2. In contrast with previous elections Center parties, as well as all others, running independently and competing with one another for votes. Campaign polemics among Center parties concentrated primarily on two issues: (1) church-state conflict; and (2) state intervention versus private enterprise in economic sphere. Leftists have stressed anti-missile campaign but this has probably not gained them any significant new strength. Presence US troops in Italy has not figured prominently in Leftist campaign. PCI attacks on Common Market do not appear to have aroused interest of electorate but have served to embarrass PSI because of its qualified “neutral support” of Common Market.

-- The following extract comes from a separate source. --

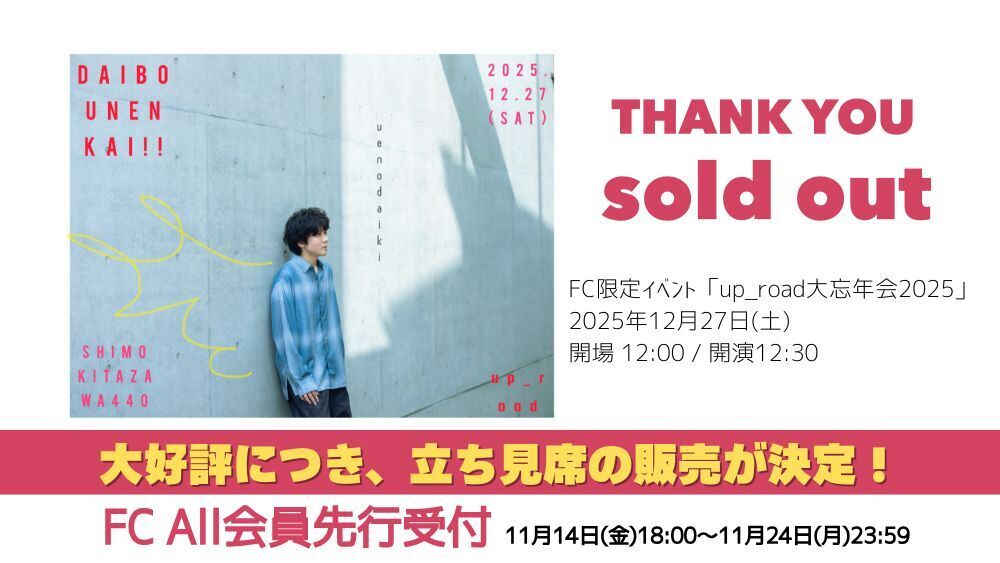 FC先行受付(ALL会員)開始!FC限定イベント「up_road大忘年会2025」
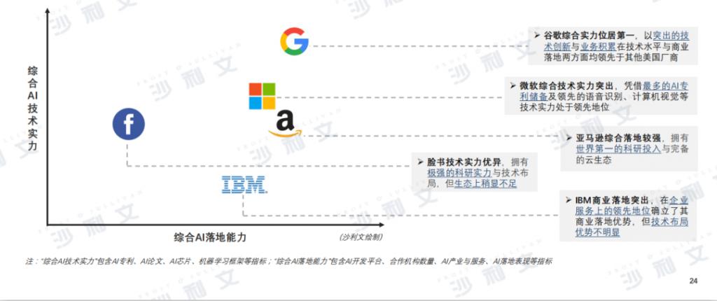 谷歌稳居第一,微软亚马逊紧随其后,而脸书与IBM分别由于生态与技术深度的欠缺稍显落后。

3. Despite Prato affair and PRI-PR memorandum to Zoli on Catholic Bishops proclamation,1 Embassy under impression anti-clericalism as campaign issue not likely hurt DC. DC leaders in fact say net effect of issue will be to DC advantage. Issue is now and has been for many years political stock-in-trade PRI-PR and latest step vis-à-vis Zoli obvious attempt to thrust PRI-PR ticket into limelight far out of proportion importance both parties. Although PCI-PSI have launched charge DC, in alliance with ecclesiastical authorities, aiming at “clericalization of state”, lately both parties emphasis this theme seems to have tapered off. Voters to whom these parties appeal anti-clerical in any event. Saragat May 11 pointed out it is not in PSI interest to widen breach between Catholic and non-Catholic workers. On balance, Embassy believes church support one of major sources of DC strength and will continue to be.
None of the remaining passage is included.